動物病院てんやわんや〜人工哺育抄〜◎動物病院の役割・目的はいずこへ

 動物病院に持ち込まれて人工哺育されたのはこの5種類です。繰り返せば3月10日にヒョウ、ツチブタ、12日にコモンマーモセット、29日にクロキツネザル、翌月14日にはピグミーマーモセット(2頭)。短期間に相次いだのがお分かり頂けたでしょう。
 仕事の合間をぬって彼らに4時間置き、1日に5回も哺乳せねばならなかった担当者や代番者の苦労は並大抵ではありません。でも何かがあれば、それは皆獣医の負担となってかかってゆきました。

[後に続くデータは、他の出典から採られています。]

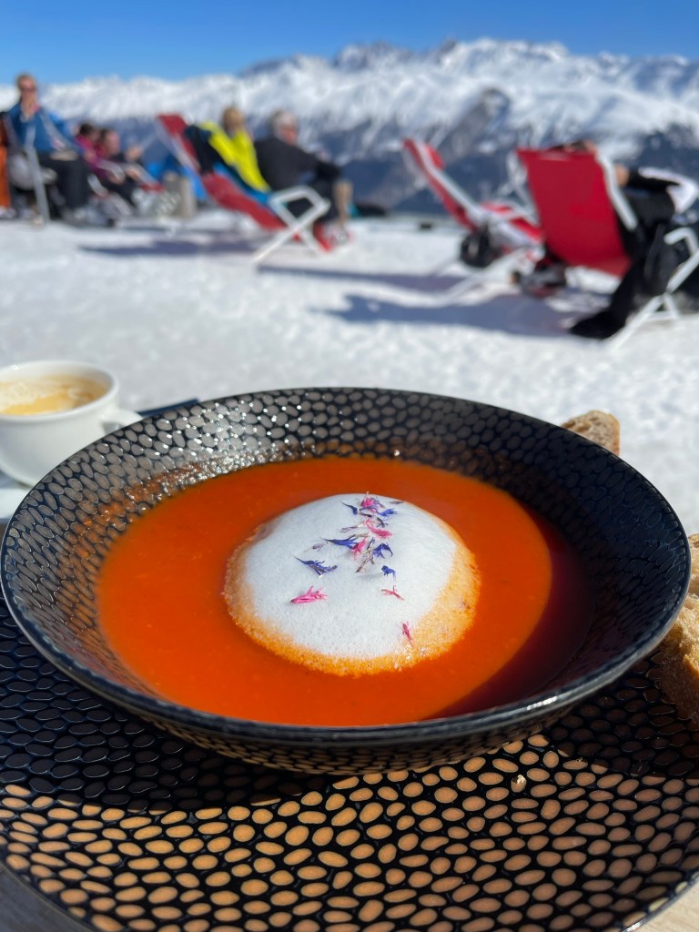 Heidis-Hütte, Fiescheralp / Selbstbedienung aber Tulpen an der ThekeTomatensuppe an Heidis-Hütte – sehr lecker und toll mit Blüten dekoriert
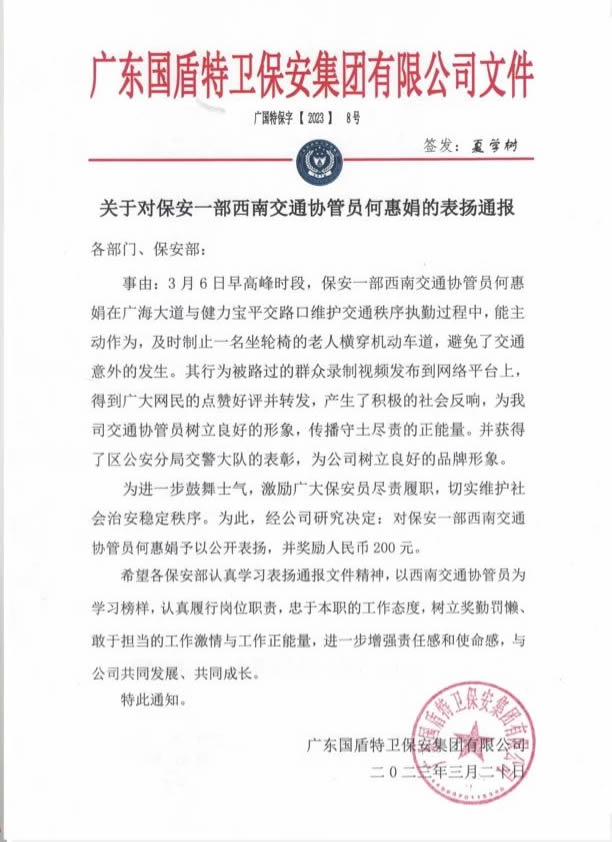 我司协管员何惠娟为西南交通协管员树立了良好形象,传播了守土尽责的正能量,并获得了区公安分局交通警察大队致函表彰。集团公司党支部书记、董事长夏学树获悉后,高度赞扬了西南交通协管员在维护道路交通秩序中尽责履职,能急群众之所急,解群众之所忧,全力为群众排忧解难,用实际行动践行了党的群众路线,认真贯彻落实“我为群众办实事”的举措,同时要求总经办将其事迹形成表彰通报至集团公司各工作群,并指示集团公司党支部副书记、工会主席、董事长助理郑红战连同总经办到西南交通协管驻点办公室送去表彰奖励,号召全体员工以此作为学习榜样,树立“真诚、文明、安全、发展”的服务理念,进一步增强保安从业人员的职业认同感、自豪感。
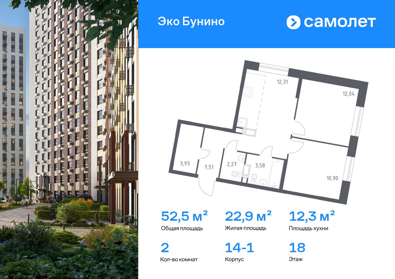 Строим кварталы для жизни с заботой о будущем. Предлагается 2-комнатная квартира комфорт-класса 52,54 кв.м в корпусе 14-1 на 18 этаже, в ЖК "Эко Бунино"

 面倒見易い、経過を見て欲しい、助力、助言が欲しいからこそ動物病院に置いたのですが、ややもすればそれは動物病院を本来の目的から逸脱させかねない状況を招きました。寄贈や動物動物の受け入れ、傷病鳥獣の治療、防疫、検査、検疫等、200種の動物を預かる大元として動物病院の役割は重大です。 春先はそれでなくとも大変になるのです。やれツバメのヒナが巣から落ちた、キツネやタヌキのみなし子を引き取ってくれ等々、春らんまんに合わせての赤ちゃん騒動は外部からもやってくるのです。
 後々の語り草になるであろう、この育児の大奮闘。あの時は大変でたまらなかったけれど楽しかった、そう言えるよう、日々なお一層の努力、彼らをちゃんと育て上げるべく励むのみです。
 これを書いている間にもキリンが生まれ、チンパンジーが生まれました。そして、それらも予定通り人工哺育に―。園内も動物病院も、赤ちゃんのかしましい声で賑わい、今日も休む間もなく日は暮れてゆきます。